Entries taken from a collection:
------------------------------------------------------------------------

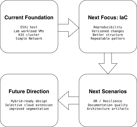The most important next step is infrastructure as code. The ESXi host already gives me a useful base, but I want to push the environment toward more reproducible and versioned ways of working. That is the shift that starts turning a lab from something operational into something closer to a real architecture portfolio.
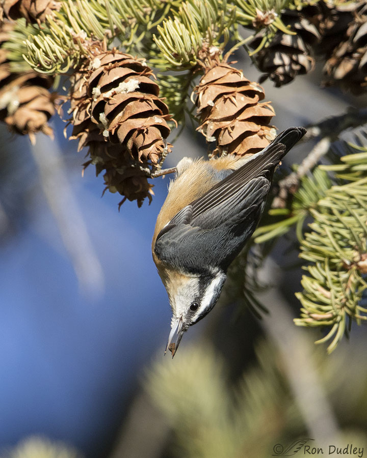 Red Breasted Nuthatches Foraging For Food Why do these nuthatches hang upside down from conifer cones? Continue reading
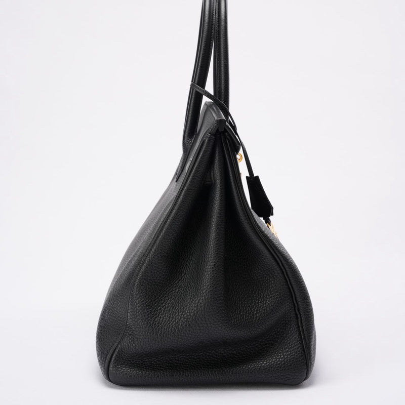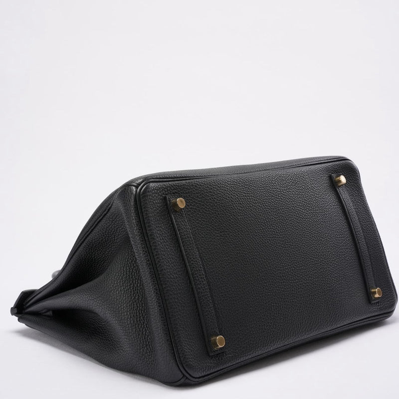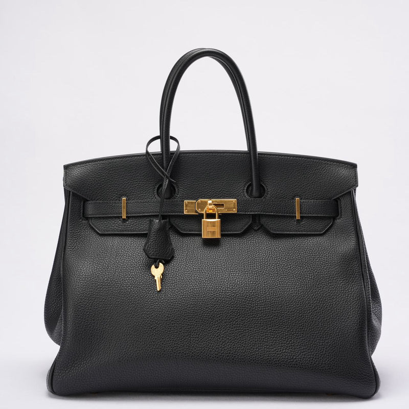 The pinnacle of classic elegance and long-lasting luxury is the Hermès Birkin 35 in Black Togo Leather (2012). This classic handbag is expertly made from soft and resilient Togo leather and has the distinctive gold hardware that contrasts beautifully with the deep black color. It is ideal for everyday use or travel because of its roomy 35 cm silhouette and structured design, which combine functionality and style. For a sophisticated, impactful look, the Birkin 35 can be carried by hand or in the crook of the arm thanks to its top handles and secure flap closure.
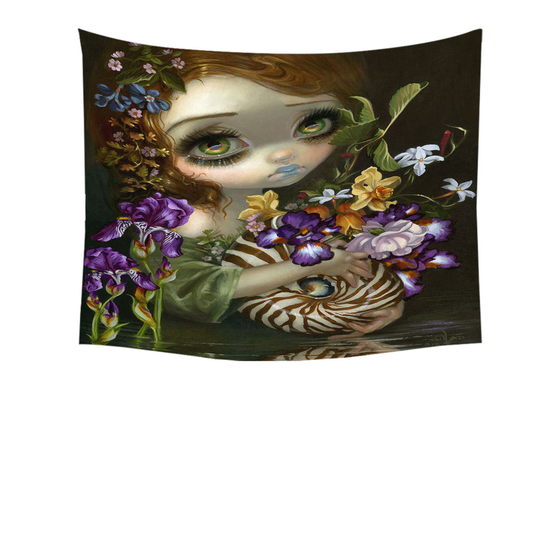 Fine Art Beautiful Maiden and Nautilus Bouquet Tapestry
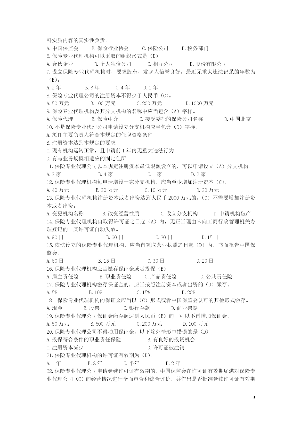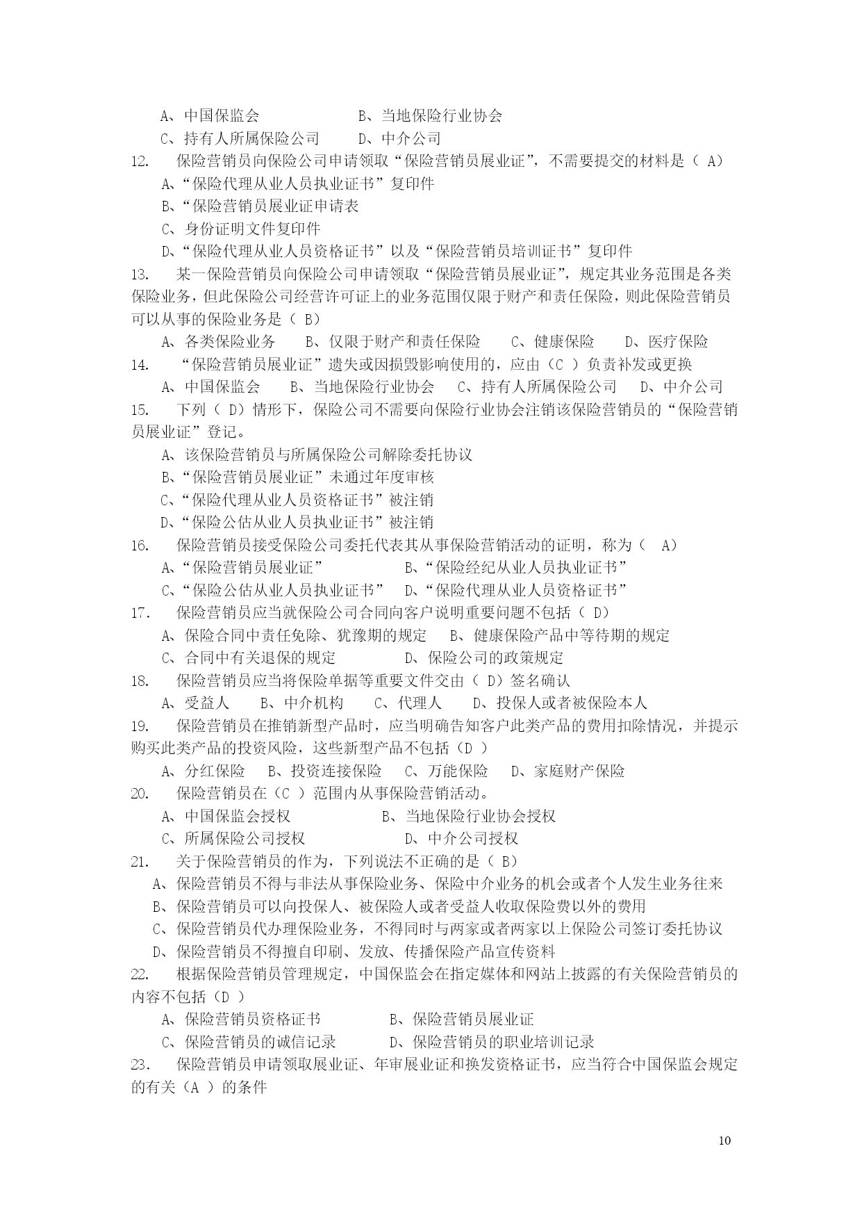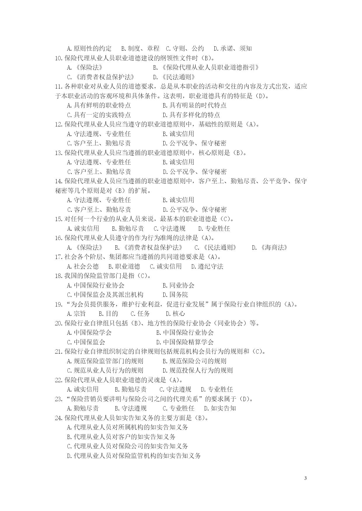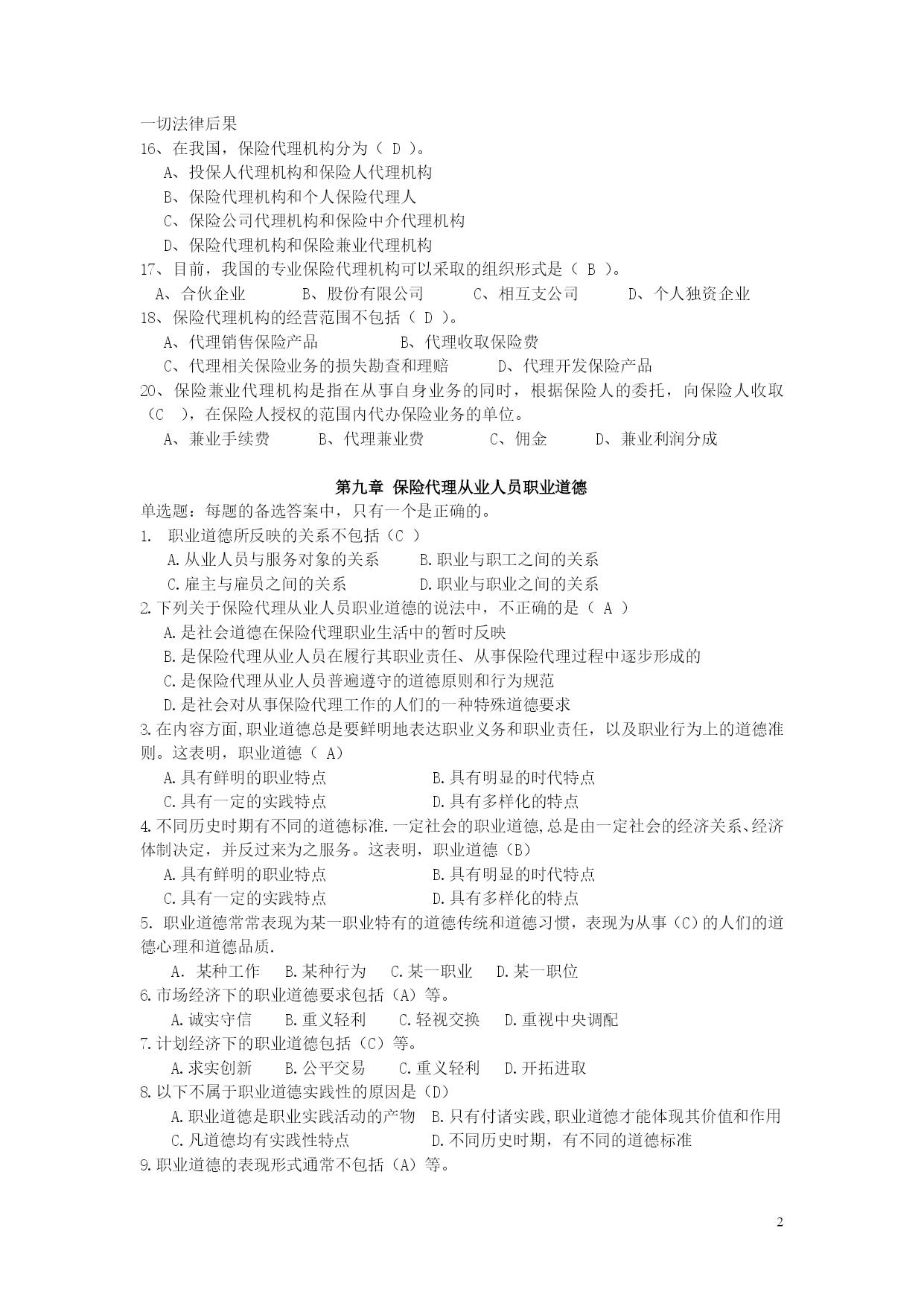 PAGEPAGE31第八章保险代理人单选题:每题的备选答案中,只有一个是正确的。保险代理行为的主体是(B)。A、保险人B、保险代理人C、投保人D、被保险人2、保险代理人是指根据保险人的委托,向保险人收取(A),并在保险人授权的范围内代为办理保险业务的机构和个人。A、佣金B、委托费C、代理费D、保险金3、保险代理人的代理行为时由(D)调整的行为。A、《保险法》和《合同法》B、《保险法》和《刑法》C、《保险法》和代理法规D、《保险法》和《民法》4、保险代理人在(C)授权范围内作独立的意思表示。A、投保人B、被保险人C、保险人D、受益人5、通过保险代理人与投保人之间签订的保险合同所产生的权利义务,视为(D)的民事法律行为,其后果由()承担。A、代理人,代理人B、代理人,保险人C、保险人,代理人D、保险人,保险人6、保险代理人的代理行为是基于保险人授权的(A)。A、委托代理B、委任代理C、协商代理D、指定代理7、保险人与保险代理人关于代理保险业务所达成的协议是(B)。A、保险委托合同B、保险代理合同C、保险授权合同D、保险展业合同8、保险代理人在代理合同授权范围内,代表(C)的利益开展业务。A、投保人B、被保险人C、保险人D、受益人9、财产保险代理人在财产保险人授予的权利范围内代收保险费,这属于保险代理人的(A)。A、明示权利B、默示权利C、明示权利D、默示权利10、保险代理人最基本的权利是(D)。A、独立开展业务活动B、代收、转交保险费C、维护保险人权益D、获取劳务报酬11、下面属于保险代理人义务的是(A)。A、转交保险费B、代收保险费C、垫付保险费D、制定保险费12、保险代理人不得与第三者串通或合伙隐瞒真相,损害保险人的利益。这反映了保险代理人具有(C)义务。A、诚实和告知B、如实转交保险费C、维护保险人权益D、维护被保险人权益13、保险代理人与保险经纪人的共同点在于(C)。A、委托人均为保险人B、收入来源一直C、同属于保险中介D、法律地位相同14、保险代理人的收入来源是根据自己的业绩,从(A)那里取得佣金收入。A、保险人B、投保人C、被保险人D、受益人15、下列说法正确的是(B)。A、保险代理人是保险人的代表,其疏忽、过失等行为给保险人及投保人造成的损失,应独立承担民事法律责任B、保险代理人是保险人的代表,其代理行为均视为保险人的行为,保险人承担由此产生的一切法律后果C、保险代理人是投保人的代表,其代理行为均视为投保人的行为,投保人担由此产生的一切法律后果D、保险经纪人是投保人的代表,其代理行为均视为投保人的行为,投保人担由此产生的一切法律后果16、在我国,保险代理机构分为(D)。A、投保人代理机构和保险人代理机构B、保险代理机构和个人保险代理人C、保险公司代理机构和保险中介代理机构D、保险代理机构和保险兼业代理机构17、目前,我国的专业保险代理机构可以采取的组织形式是(B)。A、合伙企业B、股份有限公司C、相互支公司D、个人独资企业18、保险代理机构的经营范围不包括(D)。A、代理销售保险产品B、代理收取保险费C、代理相关保险业务的损失勘查和理赔D、代理开发保险产品20、保险兼业代理机构是指在从事自身业务的同时,根据保险人的委托,向保险人收取(C),在保险人授权的范围内代办保险业务的单位。A、兼业手续费B、代理兼业费C、佣金D、兼业利润分成第九章保险代理从业人员职业道德单选题:每题的备选答案中,只有一个是正确的。职业道德所反映的关系不包括(C)A.从业人员与服务对象的关系B.职业与职工之间的关系C.雇主与雇员之间的关系D.职业与职业之间的关系2.下列关于保险代理从业人员职业道德的说法中,不正确的是(A)A.是社会道德在保险代理职业生活中的暂时反映B.是保险代理从业人员在履行其职业责任、从事保险代理过程中逐步形成的C.是保险代理从业人员普遍遵守的道德原则和行为规范D.是社会对从事保险代理工作的人们的一种特殊道德要求3.在内容方面,职业道德总是要鲜明地表达职业义务和职业责任,以及职业行为上的道德准则。这表明,职业道德(A)A.具有鲜明的职业特点B.具有明显的时代特点C.具有一定的实践特点D.具有多样化的特点4.不同历史时期有不同的道德标准.一定社会的职业道德,总是由一定社会的经济关系、经济体制决定,并反过来为之服务。这表明,职业道德(B)A.具有鲜明的职业特点B.具有明显的时代特点C.具有一定的实践特点D.具有多样化的特点5.职业道德常常表现为某一职业特有的道德传统和道德习惯,表现为从事(C)的人们的道德心理和道德品质.A.某种工作B.某种行为C.某一职业D.某一职位6.市场
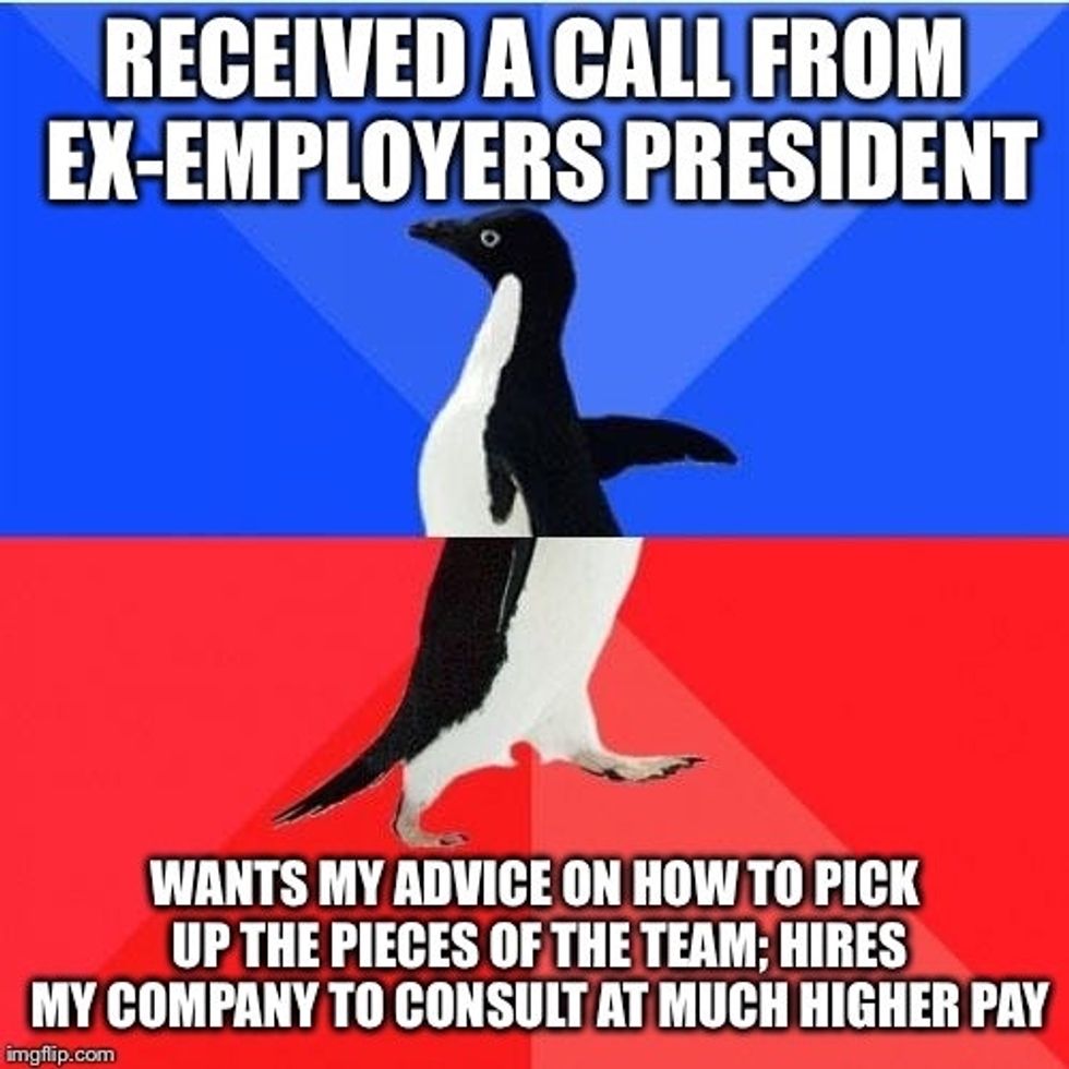 Things quickly fell apart at the old company, so the president called him to ask if he’d like to do some contract work. “I give them my rates, marked up by a good chunk because, well, they need me and not the other way around. They agree,” the Imgur user said.
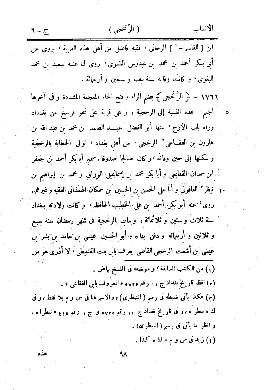بضم الراء وفتح الخاء المعجمة المشددة وفي آخرها الجيم هذه النسبة إلى الرخجية، وهي قرية على نحو فرسخ من بغداد وراء باب الأزج، منها أبو الفضل عبد الصمد بن محمد بن عبد الله بن هارون بن الفقاعى [2] الرخجي، من أهل بغداد، تولى الخطابة بالرخجية وسكنها إلى حين وفاته، وكان صالحا صدوقا، سمع أبا بكر أحمد بن جعفر ابن حمدان القطيعي وأبا بكر محمد بن إسماعيل الوراق ومحمد بن إبراهيم بن نيظر [3] العاقولي وأبا على الحسن بن الحسين بن حمكان الهمذانيّ الفقيه وغيرهم، روى [4] عنه أبو بكر أحمد بن على الخطيب الحافظ، وكانت ولادته ببغداد سنة ثلاث وستين وثلاثمائة، ومات بالرخجية في شهر رمضان سنة سبع وثلاثين وأربعمائة ودفن بها وأبو الحسين عيسى بن حامد بن بشر بن عيسى بن أشعث الرخجي القاضي يعرف بابن بنت القنبيطي، لا أدرى هو من

------------------------------------------------------------------------

YOUR GOAL:
Exact copy, no pictures: write out all the records above.

RESULT OF THE TASK:
The most important next step is infrastructure as code. The ESXi host already gives me a useful base, but I want to push the environment toward more reproducible and versioned ways of working. That is the shift that starts turning a lab from something operational into something closer to a real architecture portfolio.
 Red Breasted Nuthatches Foraging For Food Why do these nuthatches hang upside down from conifer cones? Continue reading
 The pinnacle of classic elegance and long-lasting luxury is the Hermès Birkin 35 in Black Togo Leather (2012). This classic handbag is expertly made from soft and resilient Togo leather and has the distinctive gold hardware that contrasts beautifully with the deep black color. It is ideal for everyday use or travel because of its roomy 35 cm silhouette and structured design, which combine functionality and style. For a sophisticated, impactful look, the Birkin 35 can be carried by hand or in the crook of the arm thanks to its top handles and secure flap closure.
 Fine Art Beautiful Maiden and Nautilus Bouquet Tapestry
 PAGEPAGE31第八章保险代理人单选题:每题的备选答案中,只有一个是正确的。保险代理行为的主体是(B)。A、保险人B、保险代理人C、投保人D、被保险人2、保险代理人是指根据保险人的委托,向保险人收取(A),并在保险人授权的范围内代为办理保险业务的机构和个人。A、佣金B、委托费C、代理费D、保险金3、保险代理人的代理行为时由(D)调整的行为。A、《保险法》和《合同法》B、《保险法》和《刑法》C、《保险法》和代理法规D、《保险法》和《民法》4、保险代理人在(C)授权范围内作独立的意思表示。A、投保人B、被保险人C、保险人D、受益人5、通过保险代理人与投保人之间签订的保险合同所产生的权利义务,视为(D)的民事法律行为,其后果由()承担。A、代理人,代理人B、代理人,保险人C、保险人,代理人D、保险人,保险人6、保险代理人的代理行为是基于保险人授权的(A)。A、委托代理B、委任代理C、协商代理D、指定代理7、保险人与保险代理人关于代理保险业务所达成的协议是(B)。A、保险委托合同B、保险代理合同C、保险授权合同D、保险展业合同8、保险代理人在代理合同授权范围内,代表(C)的利益开展业务。A、投保人B、被保险人C、保险人D、受益人9、财产保险代理人在财产保险人授予的权利范围内代收保险费,这属于保险代理人的(A)。A、明示权利B、默示权利C、明示权利D、默示权利10、保险代理人最基本的权利是(D)。A、独立开展业务活动B、代收、转交保险费C、维护保险人权益D、获取劳务报酬11、下面属于保险代理人义务的是(A)。A、转交保险费B、代收保险费C、垫付保险费D、制定保险费12、保险代理人不得与第三者串通或合伙隐瞒真相,损害保险人的利益。这反映了保险代理人具有(C)义务。A、诚实和告知B、如实转交保险费C、维护保险人权益D、维护被保险人权益13、保险代理人与保险经纪人的共同点在于(C)。A、委托人均为保险人B、收入来源一直C、同属于保险中介D、法律地位相同14、保险代理人的收入来源是根据自己的业绩,从(A)那里取得佣金收入。A、保险人B、投保人C、被保险人D、受益人15、下列说法正确的是(B)。A、保险代理人是保险人的代表,其疏忽、过失等行为给保险人及投保人造成的损失,应独立承担民事法律责任B、保险代理人是保险人的代表,其代理行为均视为保险人的行为,保险人承担由此产生的一切法律后果C、保险代理人是投保人的代表,其代理行为均视为投保人的行为,投保人担由此产生的一切法律后果D、保险经纪人是投保人的代表,其代理行为均视为投保人的行为,投保人担由此产生的一切法律后果16、在我国,保险代理机构分为(D)。A、投保人代理机构和保险人代理机构B、保险代理机构和个人保险代理人C、保险公司代理机构和保险中介代理机构D、保险代理机构和保险兼业代理机构17、目前,我国的专业保险代理机构可以采取的组织形式是(B)。A、合伙企业B、股份有限公司C、相互支公司D、个人独资企业18、保险代理机构的经营范围不包括(D)。A、代理销售保险产品B、代理收取保险费C、代理相关保险业务的损失勘查和理赔D、代理开发保险产品20、保险兼业代理机构是指在从事自身业务的同时,根据保险人的委托,向保险人收取(C),在保险人授权的范围内代办保险业务的单位。A、兼业手续费B、代理兼业费C、佣金D、兼业利润分成第九章保险代理从业人员职业道德单选题:每题的备选答案中,只有一个是正确的。职业道德所反映的关系不包括(C)A.从业人员与服务对象的关系B.职业与职工之间的关系C.雇主与雇员之间的关系D.职业与职业之间的关系2.下列关于保险代理从业人员职业道德的说法中,不正确的是(A)A.是社会道德在保险代理职业生活中的暂时反映B.是保险代理从业人员在履行其职业责任、从事保险代理过程中逐步形成的C.是保险代理从业人员普遍遵守的道德原则和行为规范D.是社会对从事保险代理工作的人们的一种特殊道德要求3.在内容方面,职业道德总是要鲜明地表达职业义务和职业责任,以及职业行为上的道德准则。这表明,职业道德(A)A.具有鲜明的职业特点B.具有明显的时代特点C.具有一定的实践特点D.具有多样化的特点4.不同历史时期有不同的道德标准.一定社会的职业道德,总是由一定社会的经济关系、经济体制决定,并反过来为之服务。这表明,职业道德(B)A.具有鲜明的职业特点B.具有明显的时代特点C.具有一定的实践特点D.具有多样化的特点5.职业道德常常表现为某一职业特有的道德传统和道德习惯,表现为从事(C)的人们的道德心理和道德品质.A.某种工作B.某种行为C.某一职业D.某一职位6.市场
 Things quickly fell apart at the old company, so the president called him to ask if he’d like to do some contract work. “I give them my rates, marked up by a good chunk because, well, they need me and not the other way around. They agree,” the Imgur user said.
بضم الراء وفتح الخاء المعجمة المشددة وفي آخرها الجيم هذه النسبة إلى الرخجية، وهي قرية على نحو فرسخ من بغداد وراء باب الأزج، منها أبو الفضل عبد الصمد بن محمد بن عبد الله بن هارون بن الفقاعى [2] الرخجي، من أهل بغداد، تولى الخطابة بالرخجية وسكنها إلى حين وفاته، وكان صالحا صدوقا، سمع أبا بكر أحمد بن جعفر ابن حمدان القطيعي وأبا بكر محمد بن إسماعيل الوراق ومحمد بن إبراهيم بن نيظر [3] العاقولي وأبا على الحسن بن الحسين بن حمكان الهمذانيّ الفقيه وغيرهم، روى [4] عنه أبو بكر أحمد بن على الخطيب الحافظ، وكانت ولادته ببغداد سنة ثلاث وستين وثلاثمائة، ومات بالرخجية في شهر رمضان سنة سبع وثلاثين وأربعمائة ودفن بها وأبو الحسين عيسى بن حامد بن بشر بن عيسى بن أشعث الرخجي القاضي يعرف بابن بنت القنبيطي، لا أدرى هو من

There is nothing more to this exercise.